The system optics detect the resulting chemiluminescent reaction as a relative light unit (RLU). A direct correlation exists between the quantity of IgG and IgM antibodies to SARS-CoV-2 in the sample and the RLU measured. The calculated Index (S/C) reflects this correlation. By comparing the chemiluminescent RLU in the reaction to the calibrator RLU, the presence or absence of IgG and IgM antibodies to SARS-CoV-2 in the sample is determined.22
Calibration
Every assay control underwent testing to assess the calibration of the assay. Once calibration was deemed acceptable and stored, all subsequent samples could be tested without requiring further calibration unless a reagent kit bearing a new lot number was utilized.
Antibody analysis
The medium value of 3 replicates from the chemiluminescence calibrator was calculated using ARCHITECT iSystem by saving the results. Division of sample (S) by the calibrator will give the results of the samples. IgM and IgG antibodies against the S1 subunit of S were measured using the Abbott kit which is commercially available. The results of IgG were reactive ≥ 50.0 AU/mL (arbitrary units by milliliter) and the results of IgM were reported as reactive when the index factor was ≥ 1.1 AU/mL.
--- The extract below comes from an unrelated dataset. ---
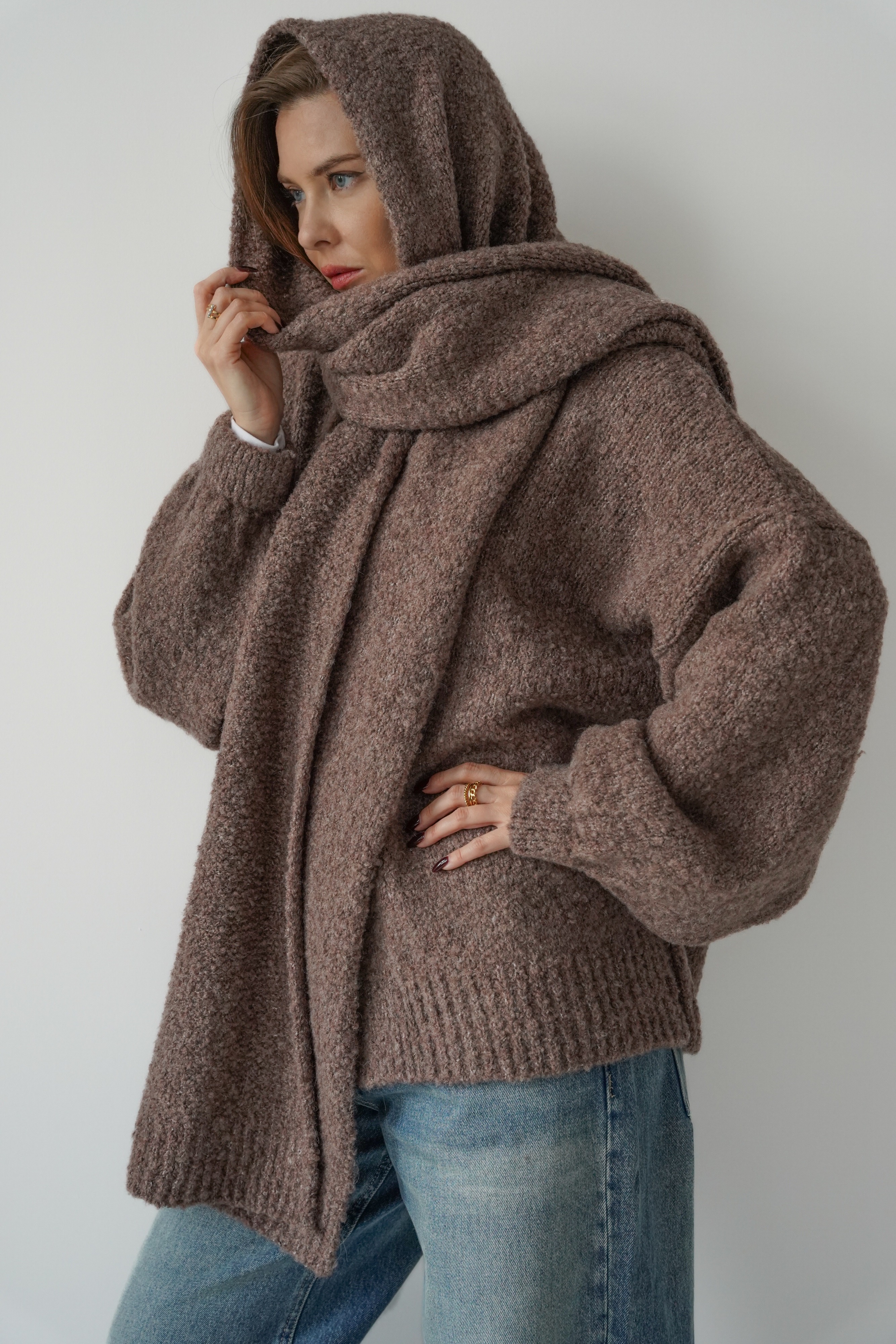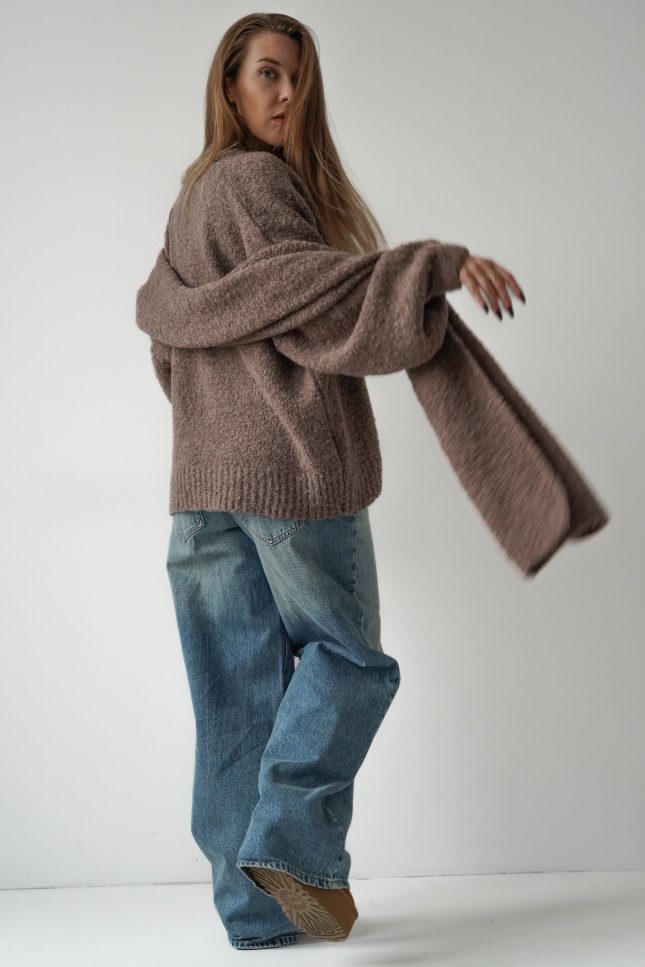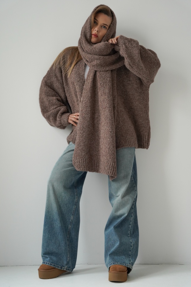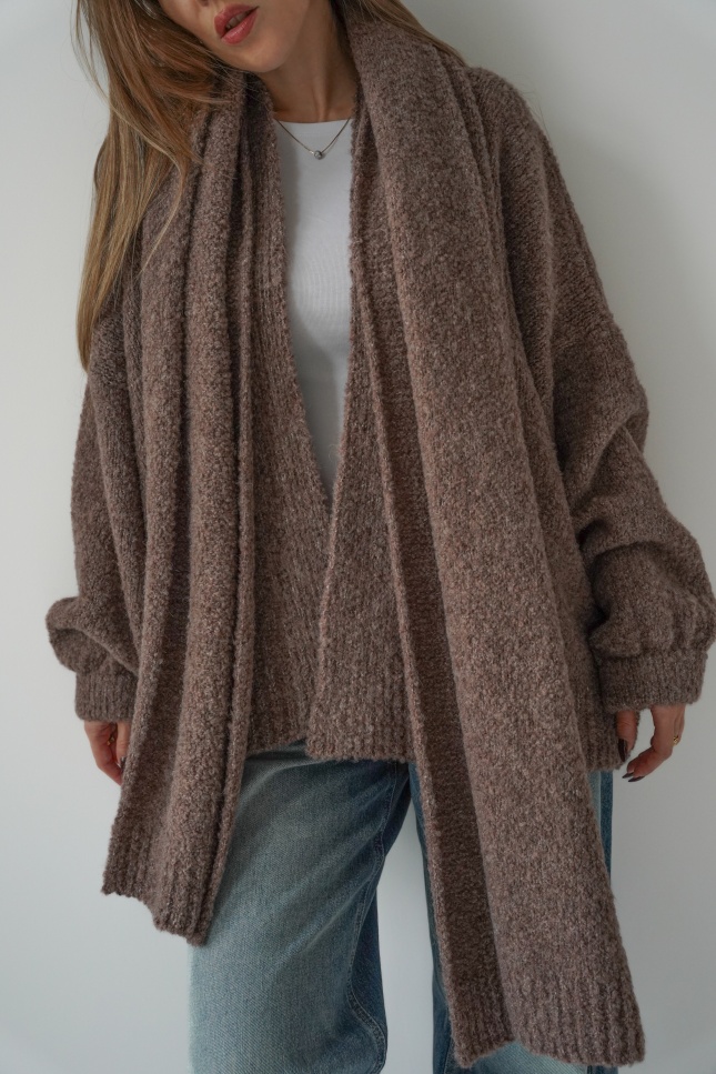Mięciutki kardigan z szalem 2w1 Noa kakao

The majority of the candidates were middle-aged over 18-30 years and just a few participants were under 65 years. Out of 327 study participants, 177 (54.1%) were administered their 2 doses of immunization for SARS-CoV-2 infections and 150 (45.9%) were non-immunized participants. Table 1 represents the clinical characterization of the study participants (n=327). In this cohort study, the predominant gender was reported as female (69.1%, n=226). Following the response from the patient proforma, 93 (28.4%) subjects were reported with past diagnosis upon SARS-CoV-2 infections, whereas reports of prior exposure to positive cases were found to be 88 (26.9%) (Table 1).
Table (1):
Clinical characterization of the study participants (n=327)
Variables |
Total sample n (%) |
|---|---|
Gender (n=327) Women Men |
226 (69.1%) 101 (30.9%) |
Age in years (n=327) |
45 (35.0 – 58.0), med (IQR) |
Age groups in years (n=327) 18–30 31-45 46-60 61-65 |
121 (37.0%) 145 (44.3%) 56 (17.1%) 5 (1.6%) |
SARS-CoV-2 infection (n = 327) With infection Without infection Unknown |
93 (28.4%) 187 (57.2%) 47 (14.4%) |
Vulnerable to positive SARS-CoV-2 cases (n = 327) With exposure Without exposure Unknown |
88 (26.9%) 219 (66.9%) 20 (6.2%) |
SARS-CoV-2 immunization (n =327) Vaccinated Non-vaccinated |
177 (54.1%) 150 (45.9%) |
Type of SARS-CoV-2 immunization (n = 177) ChAdOx1 nCoV-19 (CovishieldTM) BBV-152 (CovaxinTM) |
145 (81.9%) 32 (18.1%) |
During the study, vaccinated individuals were resulted as 54.1% (n=177), while most of the study participants were immunized with ChAdOx1 nCoV-19 (CovishieldTM) (n=145, 81.9%) and 18.1% (n=32) were immunized with BBV-152 (CovaxinTM). The vaccination interval for BBV-152 (CovaxinTM) and ChAdOx1 nCoV-19 (CovishieldTM) is 84.5 days.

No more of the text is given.